Но это была только прелюдия: уже надвигалась вторая туча — ещё темней, ещё страшней, ещё больше — сразу в полнеба. И она закрыла белое неподвижное облако против моего окна.
Вот она надвинулась, как шапку натянула на брови, метая молнии из очей. Полил ровный, тяжёлый, сильный дождь. Стало холодно и темно. И кажется: никогда уже не будет света, тепла, солнышка.
Но тут прямо на западе ярко улыбнулась светлая полоска неба. Зажглась как надежда, как ласковое обещание радости и счастья.
А молния слепит глаза, и гром грохотом тысяч каменьев рушится на голову.

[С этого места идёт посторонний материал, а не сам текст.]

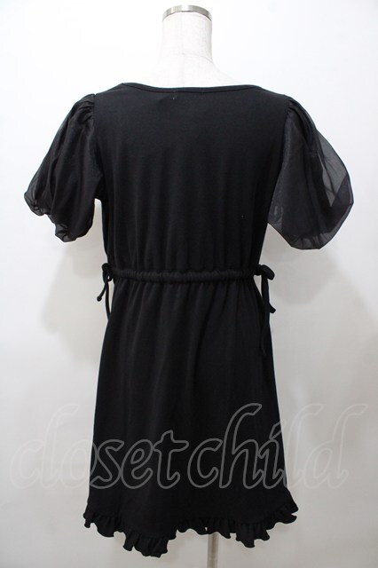 axes femme POETIQUE / シアーパフ袖カットミニワンピ M 黒 Y-25-08-11-049-AX-OP-SZ-ZT009

Но вот всё тише гром, ослабевает дождь, небо становится как матовый колпак и постепенно всё ярче освещается с запада, где всё ещё улыбается солнечная полоска, хоть и затянутая лёгкой плёнкой облаков. Прошёл и этот дождь с грозой, но светлая полоска так и не погасла.
Вечер был тих и светел.
Ночью был дождь, а сейчас припекало.
Садились на землю бабочки: крапивницы, шашечницы, лимонница, махаон. Садились, раскинув несколько раз крылья, складывали их над спиной лепестками. Пили из крошечных лужиц. Пели, захлёбываясь от счастья, лесные коньки, звенели на берёзах и соснах овсянки; червонная иволга прилетела на мой свист и села совсем открыто на сухую берёзу.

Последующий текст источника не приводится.